I'm not looking for someone to commit to an answer here, just your opinion and any experience you may have had. I have an '81 with a 2.0L. The van has good acceleration around town, but is very bad up hills or trying to maintain highway speed (maxes out at about 55mph on flat road, but will go faster downhill or slower uphill). I've replaced the heads (new), rings, plugs/wires, adjusted valves, and checked most other things.

The compression is still around 90-100 on all cylinders. I did a wet test on #2 (100psi) and it jumped to 120psi. I did a wet test on #3 (90psi) and did not see an improvement. I'm inclined to think that the cylinders and pistons need to be replaced and I would see a considerable improvement with the increased compression.

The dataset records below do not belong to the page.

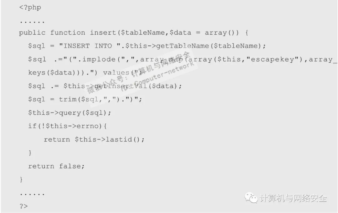 getInsertVal中还嵌套了几个函数,不过并没有做什么过滤,故此省略。从下面的代码中来找找出库的地方。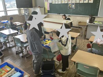 今朝、1年生教室をのぞいてみると、朝の準備の仕方を教えたり、一緒に楽しく会話したりする6年生の姿がありました。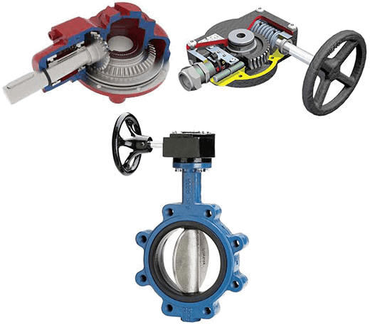 شیر پروانه ای با اکچویتور گیربکسی یا گیربکس دار، بواسطه کاربری آسان پر مصرف ترین عملگر روی این نوع از شیر ها می باشد و از سایز 8 اینچ تا سایز های بالا همانند سایز 88 اینچ استفاده می شود و با دو نوع گیربکس کوبل می گردد. نوع اول که دارای چرخدنده حلزونی می باشد و نیرو توسط چرخدنده حلزونی به شافت و دیسک شیر انتقال داده می شود و به راحتی با چرخش 90 درجه ای، سیال عبور داده می شود. در نوع دوم عملگر گیربکس پیچی با فلکه کوبل می شود، گیربکس با یک عدد پیچ مارپیچ و یک عدد چرخدنده، انتقال نیرو را به دیسک انجام می دهد، و چرخش به راحتی صورت می گیرد.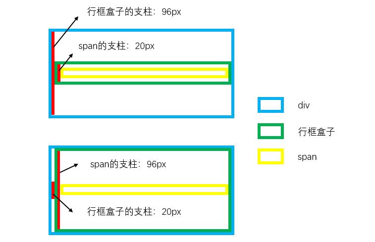 我们说支柱存在于每一个行框盒子和内联盒子前,那么我用红色的线条表示支柱,可以画出以上两种情况下的示意图:

My wife is beginning to resent this investment and I need to shape it up or ship it out. *Assuming* she would concede to me purchasing new pinstons/cylinders, that is probably the most that I'm going to be able to get for quite a while for this van. I will not be able to take this engine or any parts (i.e. cam shaft) to a professional for an evaluation. The most I'll be able to do is have the pistons checked and weight corrected before installation (just because it is part of the job).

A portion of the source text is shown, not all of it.